Cependant, à partir du XVIIIe siècle, certaines organisations entament une mutation qui les rapproche d’un banditisme, endémique en Chine, en s’adonnant au proxénétisme, aux jeux clandestins, aux trafics de sel, alors monopole d’État, et surtout à ceux d’opium dont l’usage non thérapeutique et le commerce étaient interdits par l’Empereur depuis 1729. L’opium, qui provenait des territoires contrôlés par la Compagnie britannique des Indes orientales (East India Company), détentrice de l’exclusivité du commerce avec la Chine, était fabriqué à partir du pavot cultivé dans la région du Bengale, et revendu à des marchands anglais qui se chargeaient de l’acheminement à Canton, seul port où, depuis 1757, la présence de commerçants européens était autorisée. Cette contrebande impliquait aussi les triades auxquelles appartenaient une partie des commerçants chinois, organisés dans une sorte de guilde, le Cohong, qui détenait le monopole des échanges avec le monde. Cette implication dans le commerce très lucratif de l’opium durera jusqu’à l’avènement au pouvoir du Parti communiste chinois (PCC). En 1949, la Chine compte vingt millions de consommateurs.

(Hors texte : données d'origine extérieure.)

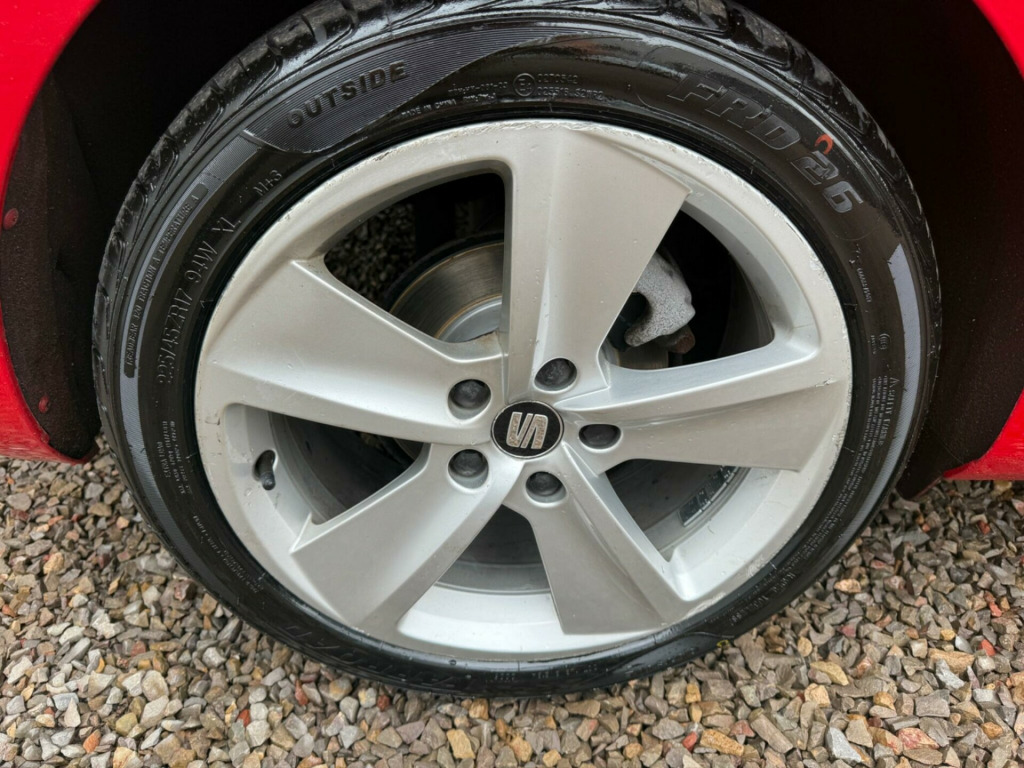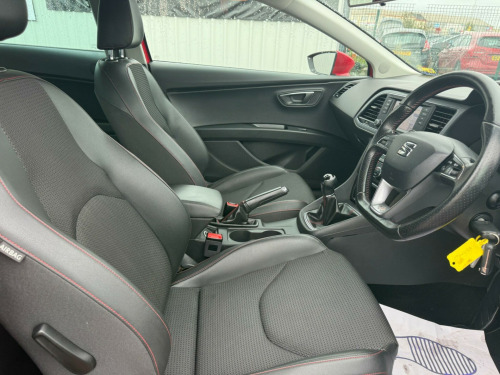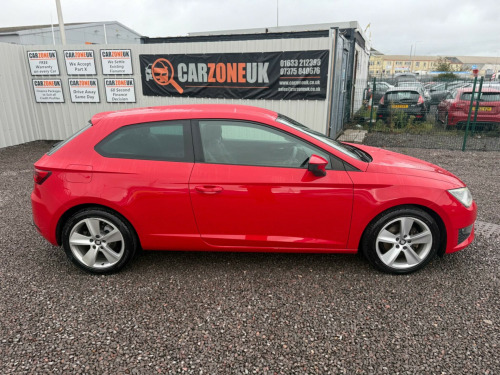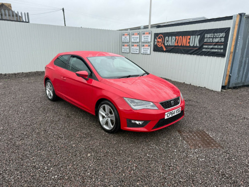 SEAT Leon 1.4 TSI ACT FR Sport Coupe Euro 6 (s/s) 3dr – CP64VSG2015 (64) | 84,515 miles | Petrol | Manual | Red | 4 Owners | ULEZ Compliant4 new tyresNew rear brake disks and pads A stylish and sporty hatchback, this SEAT Leon FR Coupe offers sharp looks, agile handling, and low running costs thanks to its 1.4 TSI ACT petrol engine with cylinder-on-demand technology. Finished in vibrant red, it delivers hot-hatch style with everyday practicality.✅ Vehicle Highlights:1.4 TSI ACT Petrol – 150PS with cylinder deactivation for efficiency6-speed manual gearboxEuro 6 – ULEZ CompliantFR styling – sport bumpers, suspension & trimRed metallic paint3-door Sport Coupe body style84,515 miles4 Owners???? FR Specification:SEAT Media System – Sat Nav, Bluetooth, DAB, USBDual-zone climate controlFlat-bottom FR steering wheelSports seats with red stitchingLED headlights & DRLsFront & rear parking sensors17” FR alloy wheelsCruise control???? Peace of Mind:Fresh MOT – no advisoriesOil & filter service just completed3 Month / 3,000 Mile Nationwide Warranty IncludedHPI Clear???? Why Buy From Us?Nationwide Delivery AvailableFlexible Finance PackagesPart Exchange Welcome???? Carzone UK – Newport, NP20 2JR???? 01633 212398 | ???? 07375 840676 (WhatsApp available for walkarounds)???? www.carzoneuk.co.uk⚡ Sporty Coupe Style | Efficient 1.4 TSI ACT | FR Trim | ULEZ Friendly. 12V Power Supply in Centre Console - Front, 17in Alloy Wheels - Dynamic, 3.5in Monochrome Drivers Display, AUX-In Port, Active Front Head Restraints, Airbags - Curtain, Airbags - Driver, Airbags - Front Passenger, Alarm - Perimeter Tow Away Protection, Ambient Spot Lighting and Footwell Illumination, Anti-Lock Braking System - ABS, Armrest - Front with Storage Compartment, Automatic Post-Collision Braking System, Bluetooth Audio Streaming, Body-Coloured Door Handles, Bumpers - Exclusive FR Front and Rear, Child Locks on Rear Doors, Chrome Interior Decorative Mouldings, Cruise Control, Cupholders - Front x2, Dark Tinted Rear Windows, Daytime Running Lights - Halogen, Deadlocks, Door Mirrors - Electrically Folding with Reverse Activated Kerb-View Function, Door Mirrors - with Integrated LED Indicators, Door Sill Trim - Aluminium, Drivers Knee Airbag, Dual Zone Climate Control, Dust and Pollen Filter, EBA - Electronic Brake Assist, Easy Connect System, Easy Entry Front Seats, Electric Windows - Front with One-Touch and Anti-Squeeze, Electro-Mechanical Power Steering - Speed-Sensitive, Electronic Differential Lock System - XDS, Electronic Stability Control - ESC, Emergency Tyre Repair Kit, Exhaust Pipe - Twin, Exterior Temperature Indicator, FM-AM Radio, Front Fog Lights with Cornering Function, Front Parking Sensors, Front Passenger Airbag De-Activation, Front Side Airbags, Gearshift Indicator, Gloss Black Pillars, Head Restraints - Height Adjustable Front, Head Restraints - Height Adjustable Rear x3, Headlights - Electric Range Adjustment, Headlights - Twin Halogen, Height Adjustable Passenger Seat, Height and Reach Adjustable Steering Wheel, Height-Adjustable Drivers Seat, Hill Hold Control, ISOFIX Points with Top Tether on Rear Seats, Illuminated Boot, Illuminated Glovebox, Inserts - Dash - Chrome Detailing, Instrument Lighting with Brightness Control, Integrated Bluetooth Handsfree System, LED Taillights, Leather Gear Knob, Leather Handbrake, Leatherette Bolsters, Lights Left On Warning Buzzer, Locking Wheel Bolts, Luggage Compartment - Rings, MP3 Compatible CD Player, Parking Sensors - Front and Rear with Optical Parking System, Passenger Door Mirror with Kerb Function when Reversing, Radiator Grille - Chrome Centre Surround, Reading Light - Front and Rear, Rear Parking Sensors, Rear Wiper, Remote Central Locking, Remote Key - Folding x2 with Remote Window Functionality, SEAT Drive Profile - Sport-Comfort-Eco-Individual, SEAT Logo Tailgate Release, Seatbelt Reminder - Front, Seats - Front Lumbar Adjustment, Seats - Pockets on Front Backrest, Seats - Split Folding Rear, Seats - Sports, Speakers x8, Sports Suspension, Steering Wheel - Flat-Bottomed Perforated Leather with Red Stitching and FR Logo, Steering Wheel Mounted Audio and Phone Controls, Sunvisors with Illuminated Vanity Mirrors, Sunvisors with Vanity Mirrors, TCS - Traction Control System, Touch Screen - Colour 5in, Trip Computer, Tyre Pressure Monitoring System, USB Port, Voice Control - In Car Entertaintment, Navigation System, Techny Cloth - Black. Part service history

Au début du XXe siècle, les triades nouent des liens précieux avec les partis politiques républicains qui émergent alors et comptent même dans leur rang des figures éminentes du nationalisme chinois, comme Sun Yat-sen et Tchang Kaï-chek. Entre 1911, année marquée par la chute de la dynastie mandchoue et la proclamation de la République, et 1949, ces sociétés vont même connaître une sorte d’âge d’or. Elles profitent, à partir de 1927, du chaos politique et social qui règne en Chine, favorisée par la guerre civile entre le Kuomintang, le PCC, les seigneurs de la guerre et les tenants de la restauration impériale pour accroître leur mainmise sur la prostitution, les casinos et surtout l’opium, tout en manifestant, pour certaines, une sorte de patriotisme en participant aux côtés des nationalistes et des communistes à la résistance contre l’envahisseur japonais.

Déclin et renaissance

L’arrivée du PCC au pouvoir va signer le début d’une ère difficile pour le crime organisé. L’opium et la prostitution sont interdits dans un contexte où la répression est impitoyable. Les triades prennent alors Hong Kong, ville sous contrôle britannique depuis le traité de Nankin, et Taïwan, devenue le bastion des nationalistes du Kuomintang, comme base de repli. En 1947, 300 000 membres des triades vivaient à Hong Kong où le nombre considérable de consommateurs d’opium assuraient une clientèle captive aux organisations criminelles. L’interdiction de l’opium en 1946, en provoquant un déplacement des usagers vers l’héroïne, va placer les triades au cœur du marché de ce produit dans toute l’Asie du Sud-Est, où elles peuvent s’appuyer sur des diasporas nombreuses et puissantes. Dans les années 1960 et 1970, années fastes pour la consommation, l’opium raffiné et la morphine-base arrivent du Triangle d’Or (Birmanie, Thaïlande, Laos) par bateaux à Hong Kong pour être transformés sur place en héroïne. Outre la clientèle locale, l’héroïne abreuve le marché asiatique et le reste du monde, concurrencé seulement par l’héroïne française produite par les filières corses.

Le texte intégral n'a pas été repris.